EN LOS ALBORES DE UN NUEVO AÑO


Ha transcurrido la mitad del primer mes del nuevo año, el cual ha sido particularmente complejo para los venezolanos. Como era previsible, y lo anticipamos en artículo anterior, tras el contundente triunfo electoral de la oposición el 6D, el régimen gobernante ha recurrido a toda suerte de ardides y argucias para desconocer la voluntad popular. En primer término, con la ilegítima e inmoral designación de Magistrados del Tribunal Supremo de Justicia (TSJ) al final de la legislatura anterior, pieza fundamental para el control del Poder Judicial y el desarrollo de las ulteriores estrategias del oficialismo. De seguidas, la impugnación de tres Diputados de la oposición, en una censurable actuación de la nueva Sala Electoral del TSJ, la cual abrió un conflicto de poderes, pues tras su juramentación por parte de la AN, el régimen amenazó a través del inefable Diosdado Cabello y del propio TSJ, con considerar nulas las decisiones que adoptara la Asamblea Nacional (AN) si no se desincorporaba a los Diputados impugnados, ante lo cual la oposición debió ceder para evitar un choque de trenes, y el Presidente Maduro pudo presentar su Memoria y Cuenta el pasado 15 de enero ante la AN, y no como pretendían algunos voceros del régimen, ante el TSJ. No sabemos cómo concluirá el tema de la representación de la oposición con 109 Diputados, pero varios destacados juristas opinan que si no se dilucida legalmente el caso, la oposición mantendría la mayoría calificada de las dos terceras partes. Pero los tentáculos inescrupulosos del oficialismo se orientan ahora a impugnar a otro Diputado opositor por el Estado Falcón, en una nueva manifestación de los golpes de Estado progresivos y continuados del régimen.

La presentación de cuentas del gobernante Maduro ante la AN fue de antología, pero se cumplió. Maduro quiso presentar un balance de gestión propio de Alicia en el país de las maravillas, pese a que el gobierno recibió un contundente voto castigo el 6D, producto de la incompetencia, la alarmante corrupción, la escasez y el caos económico, muy en especial una inflación que llegó al 200%, pese a que las cifras oficiales tardíamente suministradas por el BCV, la proyectan a septiembre de 2015 en torno al 140%, y a una situación de inseguridad pública que coloca a Venezuela entre los países más peligrosos del mundo. Pero no hay forma de cambiar las realidades y presentar un balance de gestión positiva, ni siquiera a través de la hegemonía informativa del Estado, ya que el pueblo lo vive y sufre día a día en carne propia, más allá de palabras huecas y de la pretensión de endiosamiento a la figura de Hugo Chávez, autor primigenio de la destrucción de la nación, o de tratar de hacer un cuestionable punto de honor nacional del retiro de sus retratos de la sede de la AN, cuando en realidad ello constituía una incalificable aberración institucional.

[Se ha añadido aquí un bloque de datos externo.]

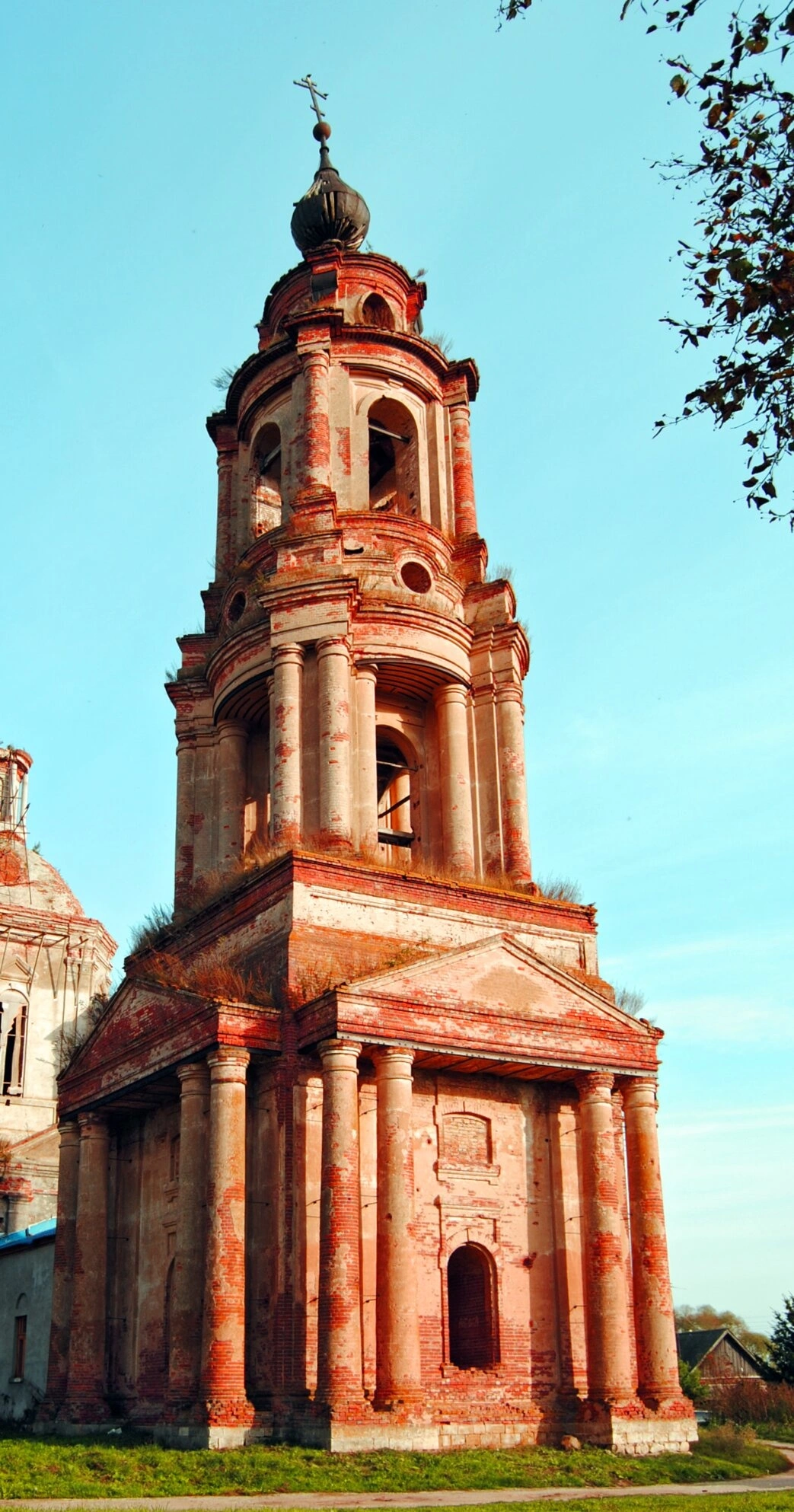 На представленной фотографии запечатлена колокольня Храма в честь Рождества Христова, расположенного в селе Щелканово Юхновского района Калужской области. Многоярусное сооружение, увенчанное куполом и крестом, выполнено в стиле классицизма и демонстрирует характерные для данной эпохи архитектурные элементы: колонны, арки и строгие пропорции.

La respuesta firme del Presidente de la AN, Henry Ramos Allup al discurso de Maduro, permitió que el país escuchara por primera vez en cadena de radio y televisión una versión diferente a la de la poderosa red mediática del oficialismo. Los analistas comentan que ese día, el pueblo escuchó atónito en las calles por primera vez, palabras de Ramos, denunciando la grave crisis nacional y haciendo ver a Maduro que el gobierno no es el dueño absoluto del país, y que debe someterse al control político decidido por el pueblo. Pero también aceptando un diálogo con resultados. Dicho episodio me recordó pasajes del libro “La Tumba de Lenin” del autor David Remnick, ganador del premio Pulitzer, sobre cómo al inicio de la perestroika en la URSS, el pueblo comenzó a conocer los millones de crímenes, purgas y atropellos cometidos por el régimen estalinista, de manos del otrora adorado “padrecito”, y se enteró sobre cómo Stalin eliminó a una generación de disidentes o figuras valiosas que creían en el socialismo, pero no en la barbarie por él impuesta.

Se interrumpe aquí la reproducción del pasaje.